To build an HPC cluster in house, or to access third party HPC resources through the cloud: that is the question. While it may not be quite as poetic as Hamlet, this is the conundrum with which many small-to-medium-sized enterprises and research institutes are faced. Organizations interested in conducting computationally expensive data analysis or carrying out complex simulations have to decide whether to build in-house HPC clusters, or take advantage of the availability of such clusters through cloud offerings. Both options have their relative pros and cons, but the message from last week's ISC Cloud '13 conference in Heidelberg, Germany, is that there is increasingly a very clear middle way.
Termed 'utility HPC' by keynote speaker Jason Stowe, CEO of Cycle Computing, this middle way involves organizations owning in-house HPC resources of sufficient performance to cover their typical usage, but also supplementing this on an ad hoc basis with additional cloud-based HPC resources for particularly computationally expensive projects - in other words, HPC clouds to cover the peaks.
Consequently, as Stowe and others at the event argued, the question at the top of this article has now become a false dichotomy: why ask 'either/or', when you can intelligently use both in conjunction? Why invest in extensive in-house HPC capacity that is unlikely to be fully exploited at all times? But equally, why not build some limited in-house capacity if your organization possesses the relevant expertise and if this would be cheaper than purely using cloud-based offerings. "Too often, scientists and researchers have to scale their research to match the capabilities of the hardware available, but with supercomputing available on demand, researchers should be able to do better science and do it faster," says Stowe.

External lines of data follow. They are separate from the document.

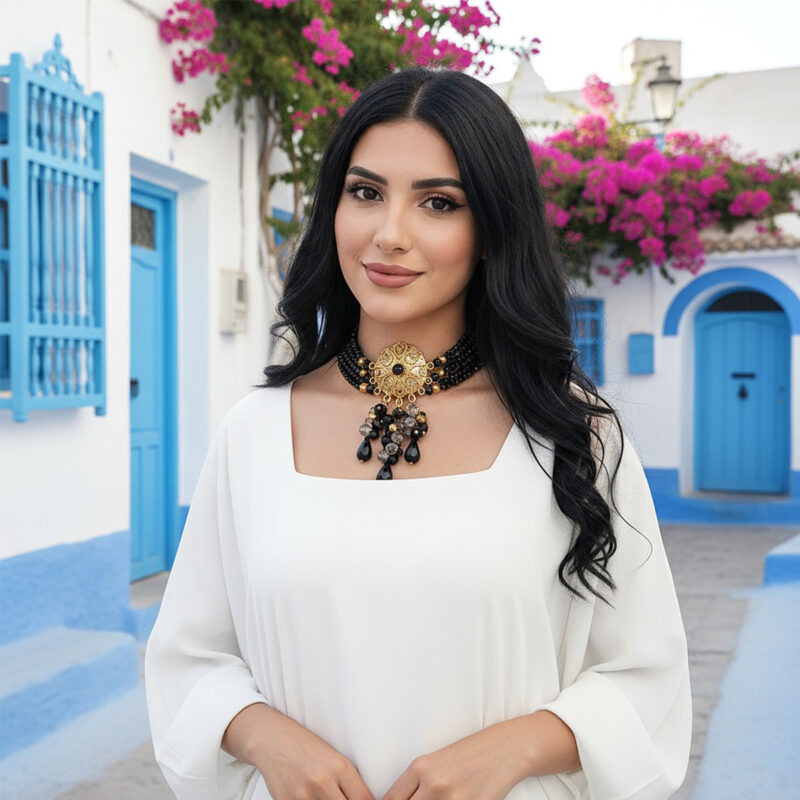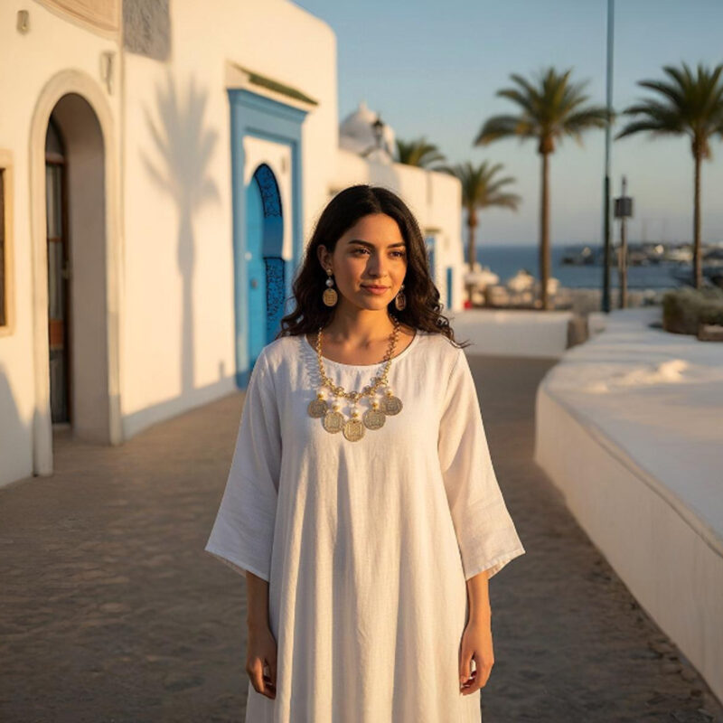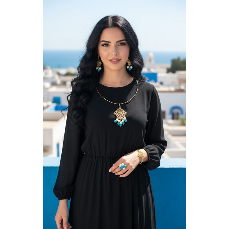 Coffret cadeau haut de gamme duo plaisir 3 pièces * Service à café design Sidi Bou Saïd en fine porcelaine et du cuivre martelé fait à la main
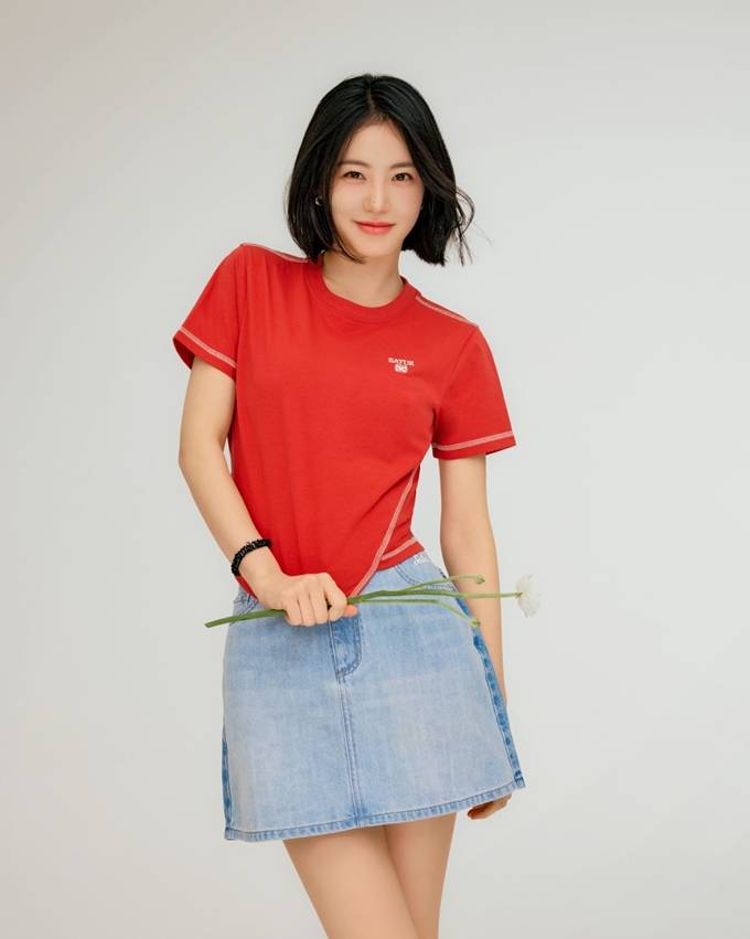 배우 신예은이 더블린 반팔 티셔츠로 한 발 빠른 섬머룩을 선보였다.
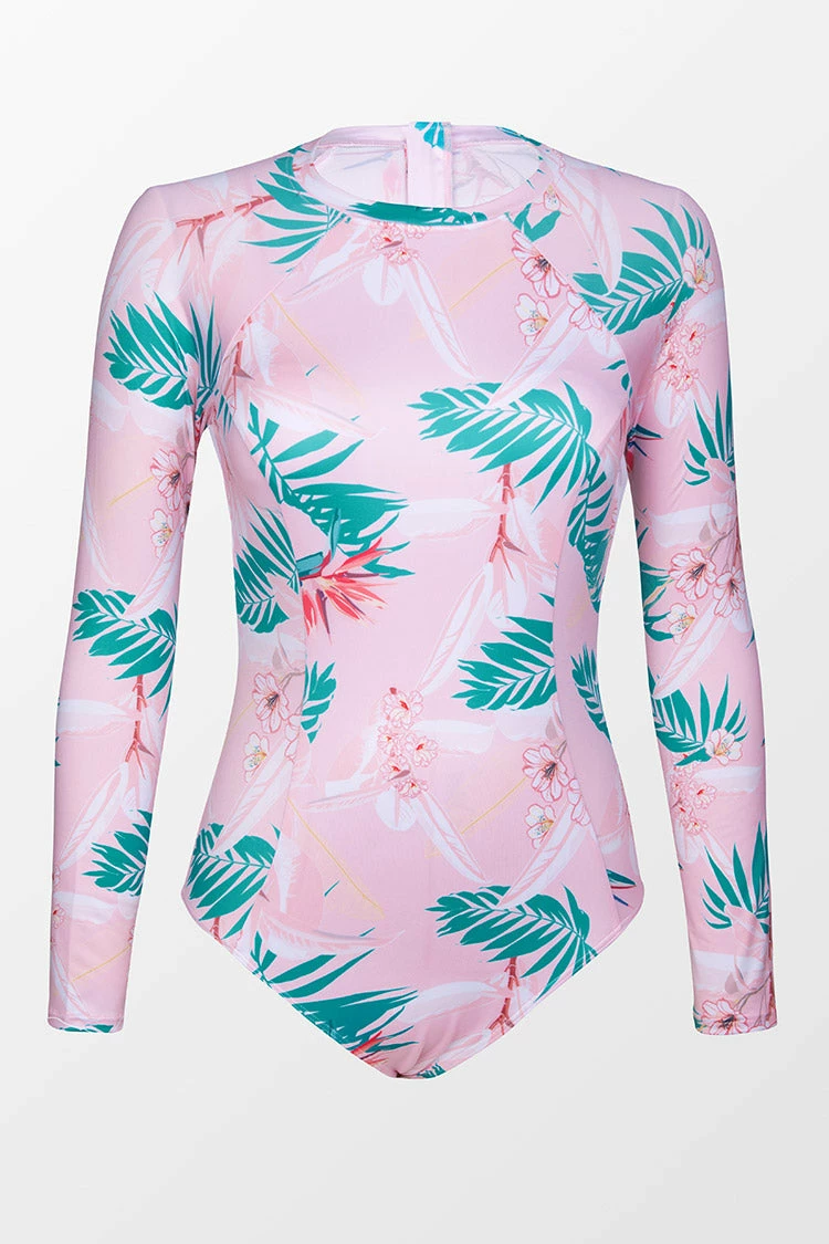 Tatyana Hawaiian Print Long Sleeve One Piece Swimsuit reminds us of a pretty tropical garden. It features a back zip for easy on and off and Long sleeves, which help prevent sunburn and bruising.
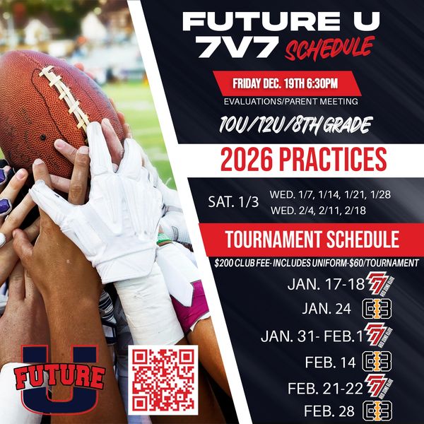 Future U Football is a football club based out of Tempe, AZ and surrounding cities. Future U Football was created to bridge the gap between youth and high school football and prepare young athletes for that transition. We compete in both 7v7 and Tackle Football. All of our coaching staff has a minimum of high school level coaching experience and some with college/professional level experience- both playing and coaching.
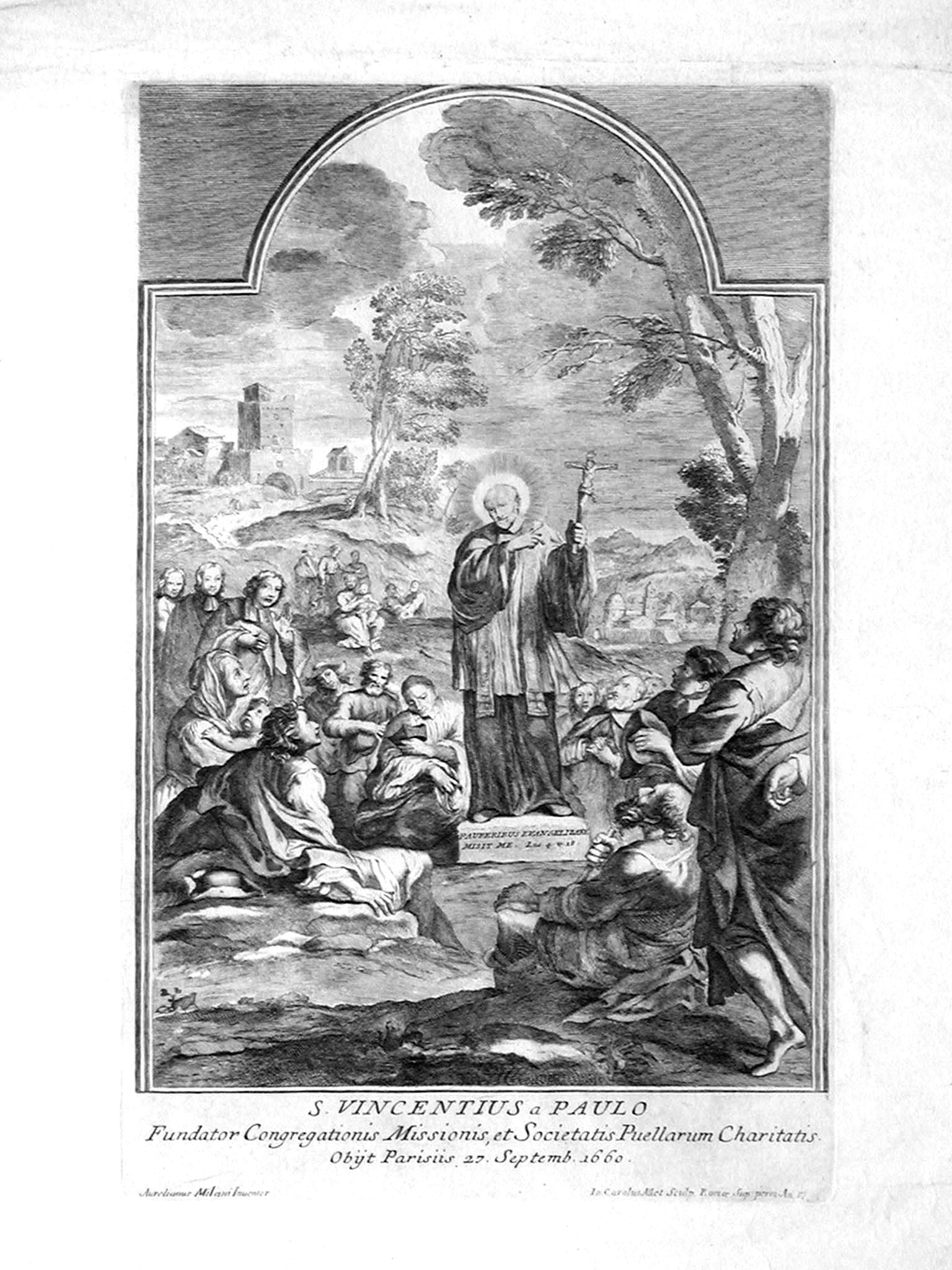 Engraving of painting, Vincent de Paul preaching in country area; produced in Rome probably for his canonization, 1737; original in Collegio Leoniano

Flexibility and adaptability were themes which ran through the conference as a whole: both in terms of flexibility with regards to when clouds are and are not used, as well as flexibility within the clouds used. Andrés Gómez of the Supercomputing Centre of Galicia, Spain, gave a presentation at the event about how federated HPC clouds can be used to optimize radiation therapy cancer treatments. He seeks to use complex mathematical algorithms to calculate the best treatment for an individual patient.
As part of this, Gómez presented an autonomous and fault-tolerant virtual cluster architecture, developed as part of the European BonFIRE project, which can handle significant variability in computing performance, including the failure of a cloud site. The architecture includes an 'elasticity engine', which uses information about application performance to automatically tailor the size of the HPC cluster to meet the expectation of the user. In case of a specific deadline objective, the elasticity engine can start new machines and add them to the virtual cluster. Additionally, if the virtual cluster is deployed on two different cloud sites and one site fails, the cluster at the other site can resize itself to recover from the failure.
Other presentations at the event also focused on the use of HPC clouds in a medical context. Ad Emmen, managing director of Genias Benelux, presented on the Dutch Health Hub, which is an initiative seeking to enable the sharing and use of medical big data across the Netherlands. Emmen explained that using big data in this setting requires a federation of clouds, and several cloud-federation tools that have been developed as part of the European Contrail project are currently being deployed to achieve this.
Also on a medical theme, Horst Schwichtenberg from the Fraunhofer Institute for Algorithms and Scientific Computing in Germany, discussed effective ways to deal with sensitive patient data in a secure cloud environment. Of course, not all research case studies presented focused purely on medical applications. FermiLab's Steven Timm presented the latest results from the FermiCloud project and discussed research on the use of virtualized Infiniband for message-passing interface (MPI) and as a virtual private network (VPN). Also, Wolfgang Gentzsch, chair of the event, led a session focusing on some of the roadblocks faced by HPC as a cloud-based service. During this session, panelists discussed some of the lessons learnt from the UberCloud experiment, including from a case study focusing on computational fluid dynamics for a desalination plant. You can read more about this and other case studies in the UberCloud compendium, here.
Finally, Earl Dodd, president of Ideas and Machines, spoke during the closing session of the event on the importance of training in HPC. He argued that HPC cloud standards play a crucial role in developing a skilled workforce and said that he would have liked to have heard more people focus on the challenges related to the workforce throughout the two-day event. "Graduates often require years of additional training when they turn up to work at an oil company, or elsewhere," he says. "We need to focus more on the people and less on the systems." During his presentation, Dodd highlighted a number of ways to improve the situation, including: industry partnering with and funding groups like the Cloud and Autonomic Computing Center at Texas Tech University, US; extending university and college certification programs; increasing incentives for industry to train staff and exchange information; promoting and exploring more collaborative outreach; and more closely coupling HPC, the cloud, and big data business models with industry-driven needs. "Workforce development is like online dating: it's not just about what you are looking for, it's also about what you have to offer," says Dodd. "We've got to make it fun and sexy again."